Continued Examination Under 37 CFR 1.114
A request for continued examination under 37 CFR 1.114, including the fee set forth in 37 CFR 1.17(e), was filed in this application after final rejection. Since this application is eligible for continued examination under 37 CFR 1.114, and the fee set forth in 37 CFR 1.17(e) has been timely paid, the finality of the previous Office action has been withdrawn pursuant to 37 CFR 1.114. Applicant's submission filed on 03/16/2026 has been entered.
Response to Arguments
Applicant's arguments filed on 03/16/2026 have been fully considered but they are not persuasive.

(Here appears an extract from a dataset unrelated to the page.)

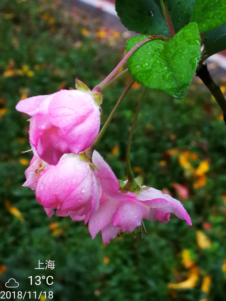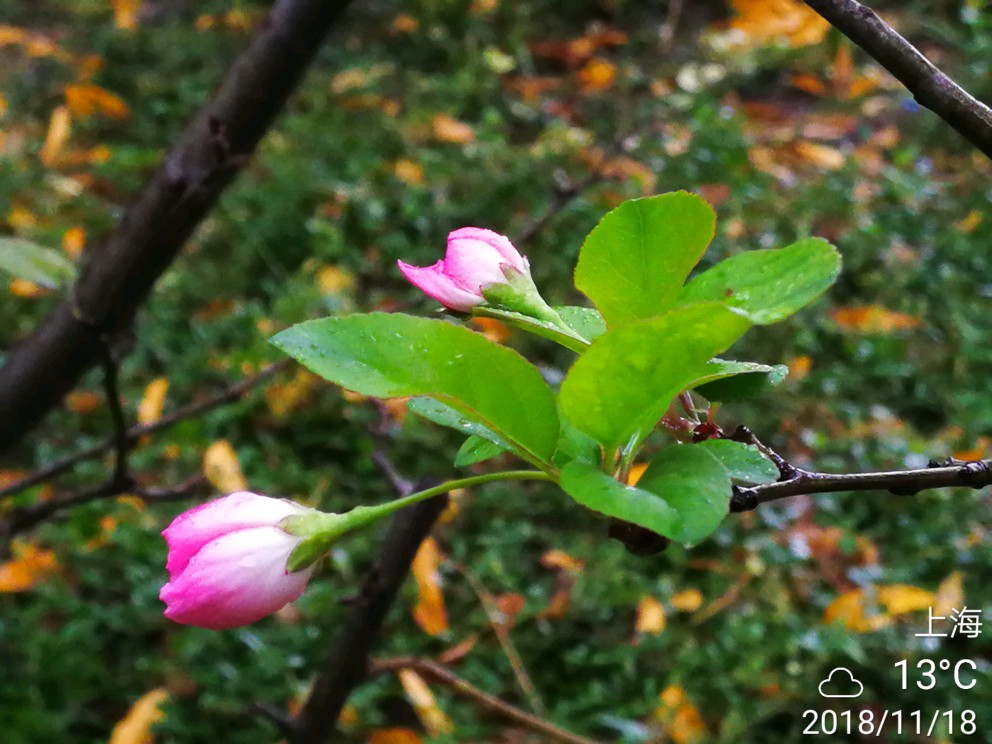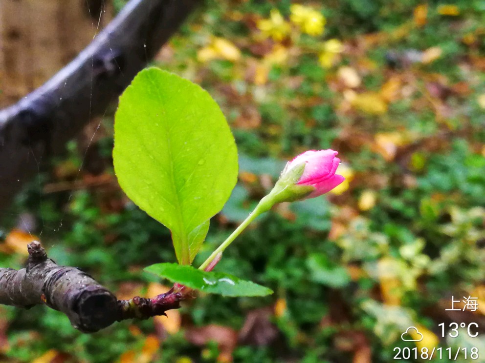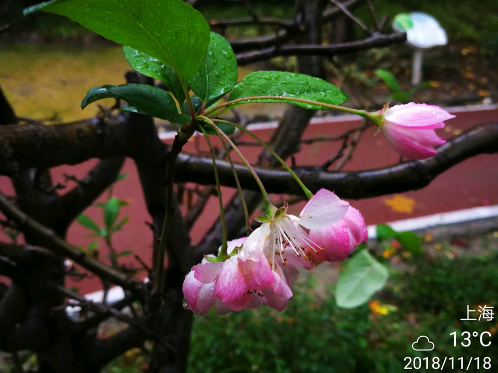 看看,这几朵花,甚至快要开败了。总之,本该春季开花的海棠,居然深秋里反季开了,真乃神奇。
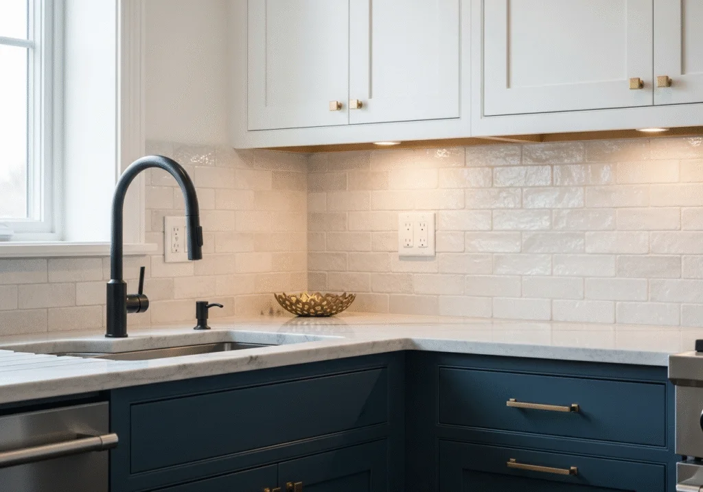 - Textured backsplashes paired with smooth countertops

In response to applicant's argument that the references fail to show certain features of the invention, it is noted that the features upon which applicant relies (i.e., the cropped frame is encoded without including the portion of the frame outside of the bounding shape) are not recited in the rejected claim(s). Although the claims are interpreted in light of the specification, limitations from the specification are not read into the claims. See In re Van Geuns, 988 F.2d 1181, 26 USPQ2d 1057 (Fed. Cir. 1993). As discussed during the interview, Applicant is attempting to claim that the portion of the frame outside of the bounding shape is not encoded. However, the amended claims are merely defining the “cropped frame”. There is no recitation of the portion of the frame outside of the bounding shape not being encoded. Furthermore, Applicant’s specification recites in [0052[: The border determination and object tracking will decide a suitable cropping area, with the non-facial background handled separately, potentially on a lower video quality level. Therefore, the claimed invention does not exclude encoding the portion of the frame outside of the bounding shape. Furthermore, Boyce discloses in [0082], coding of regions of interest at high resolution without coding the full frame provides bit savings and efficiency while providing high quality regions of interest. Boyce shows in FIG. 9, decoded regions of interest without including the background.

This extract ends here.